Pour autant, Qlik ne prétend pas répondre à une demande massive déjà exprimée. Dans de nombreux secteurs, les usages réellement temps réel restent limités à des périmètres précis, souvent industriels ou transactionnels. L’intérêt de cette évolution est ailleurs : elle prépare les architectures à des scénarios où la fraîcheur de la donnée devient un facteur de performance, sans imposer une refonte brutale des pratiques existantes. Le temps réel apparaît ici comme une option structurante, prête à être activée lorsque les organisations auront la maturité organisationnelle et métier pour l’exploiter.
Une plateforme orientée action, sans renoncer à la gouvernance
Cette préparation à l’action rapide s’accompagne d’un renforcement des mécanismes de gouvernance. L’ouverture d’API standardisées pour les produits de données, la documentation automatique des champs et l’assistance à la définition de règles de qualité dans Qlik Talend Cloud visent à rendre les données exploitables dans les outils métiers, tout en conservant leur traçabilité et leur fiabilité.
En pratique, cette approche répond à une tension bien connue des équipes data : multiplier les usages sans multiplier les copies ni diluer la responsabilité. En favorisant l’accès aux mêmes données gouvernées depuis des environnements analytiques, bureautiques ou applicatifs, Qlik cherche à éviter que la plateforme ne devienne un point de passage obligé, tout en restant la référence en matière de qualité et de conformité.
Préparer l’interface décisionnelle de demain
L’introduction d’une expérience agentique via Qlik Answers et l’annonce d’une ouverture à des assistants tiers grâce au Model Context Protocol prolongent cette logique. Il ne s’agit pas d’ajouter une couche conversationnelle décorative, mais de proposer un point d’entrée capable de relier données structurées, documents non structurés et raisonnement analytique, avec des citations et une explicabilité systématiques.
Là encore, la prudence domine le discours. Qlik positionne cette interface comme un moyen de structurer les interactions avec la donnée, non comme un substitut aux processus existants. L’agent devient un facilitateur de lecture et d’action, adossé à des moteurs analytiques éprouvés, dans une logique de continuité plutôt que de rupture.

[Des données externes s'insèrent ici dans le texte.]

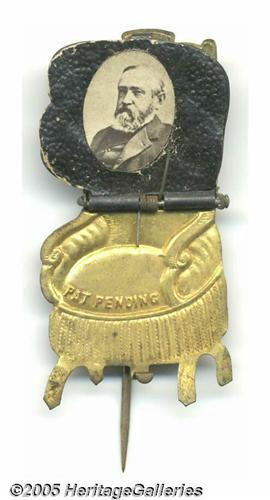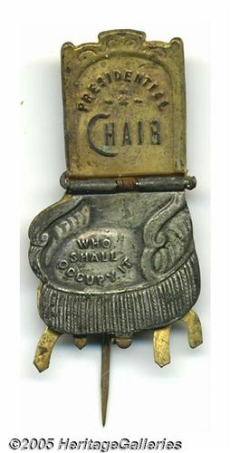 <B>1888 Benjamin Harrison Mechanical Chair Pin</B></I> The mate to the Cleveland version offered elsewhere in this catalog (see description). Great condition with beautiful original photo. Once again this is the larger size, 1" x 1.875". From the former Joe Brown Collection. Lot:260

Une trajectoire assumée vers la donnée agissante
Pris dans leur ensemble, ces annonces traduisent une évolution cohérente : Qlik prépare sa plateforme à un monde où la donnée ne se contente plus d’éclairer les décisions, mais participe directement à leur mise en œuvre. Le temps réel n’y est pas présenté comme une obligation immédiate, mais comme un horizon technique prêt à être mobilisé lorsque les usages le justifieront.
Pour les entreprises, l’enjeu n’est pas de courir après la vitesse, mais de réduire les frictions entre analyse, arbitrage et exécution. En articulant analytique prédictive, ingestion en flux, gouvernance persistante et interfaces orientées action, Qlik cherche à occuper cet espace encore largement ouvert : celui d’une plateforme de données capable d’agir, sans perdre la maîtrise.